I really don't want to say any more about what happens as the plot unfolds; suffice it to say that a lot happens, and if you read it you will laugh, you will cry, and you will not want the story to end. Or, anyway, those were my reactions as I read. And I will warn you - there is no word yet on when the third book in the trilogy will be forthcoming. But if you are a fan of historical fiction, or of historical romance, don't put off reading the first two books in the trilogy. They really are a treat, romance for those who don't usually read romance novels (that would be me), with history that has been researched by an expert - Ms. Harkness is a professor of history at the University of Southern California.
Really. Go read Shadow of Night and, if you haven't already, A Discovery of Witches. The writing is wonderful, the story involving, and the cast of characters - a few of which you will recognize from history - fascinating.
Sunday, July 22, 2012
Music Sunday: Music Plus Book Review Edition
I grew up listening to rock music. I also spent a lot of that time reading the writing of Robert Hilburn, the legendary music critic for the Los Angeles Times. So, when I discovered that Hilburn had written a memoir, Corn Flakes with John Lennon and Other Tales From a Rock’n’Roll Life (Rodale, 2009; 280 pages), I had to read it.
I’m glad I did.
Hilburn, who wrote his first story as a freelancer for the Times in 1966 and was hired as full-time pop music critic and editor in 1970, is a fabulous writer. He spent his career at one of the epicenters of the music industry, and he writes about his adventures with grace and wit and a great deal of insight. As part of his job, he met and interviewed and reviewed the biggest and most legendary names in music, and became friends with not a few of them. These friendships did not stop Hilburn from calling these performers on the missteps in their recordings and in performance, although he writes about being worried that his relationships with these artists could be seen as a conflict or interest or result in bias toward them.
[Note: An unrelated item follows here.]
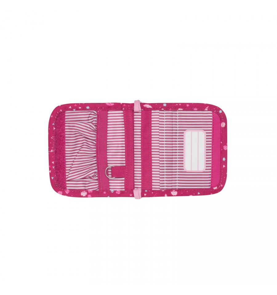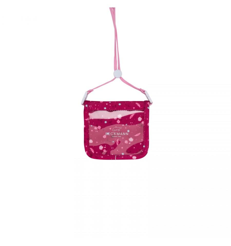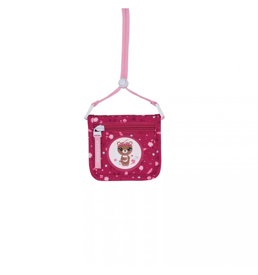 Praktyczny portfelik na drobiazgi na regulowanym sznurku, z miejscem na klucze; sprzodu mała kieszonka na zamek.

Hilburn also writes about his questions concerning continuing to write about music aimed mostly at teenagers and young adults as he aged, addressing his doubts in the context of covering musicians who kept making music, sometimes relevant, sometimes not so much, as they aged. I found this interesting as a person of a certain age who still loves rock music but finds fewer and fewer new artists whose work I can relate to as I get older. Hilburn quotes Paul McCartney on the subject, recalls that at one point Mick Jagger said that he couldn't envision still singing “Satisfaction” at the age of thirty but has continued singing it much longer than that, and celebrates the fact that Johnny Cash’s work remained relevant until the end of his life.
Then there are the stories. Hilburn recalls being the person John Lennon would call to spend an evening with during Lennon's year-and-a-half long “lost weekend”, spent primarily in Los Angeles, when he needed to remain relatively sober to get up for an early meeting the next day. He relates serious and deep discussions he had about the music with Bruce Springsteen. He talks about the difficulties inherent in interviewing people like Bob Dylan and Neil Young. He explores his ability to connect with musicians much younger than himself, such as Kurt Cobain, and from very different backgrounds, such as Ice Cube. He describes hanging out with the members of U2 in and out of the recording studio.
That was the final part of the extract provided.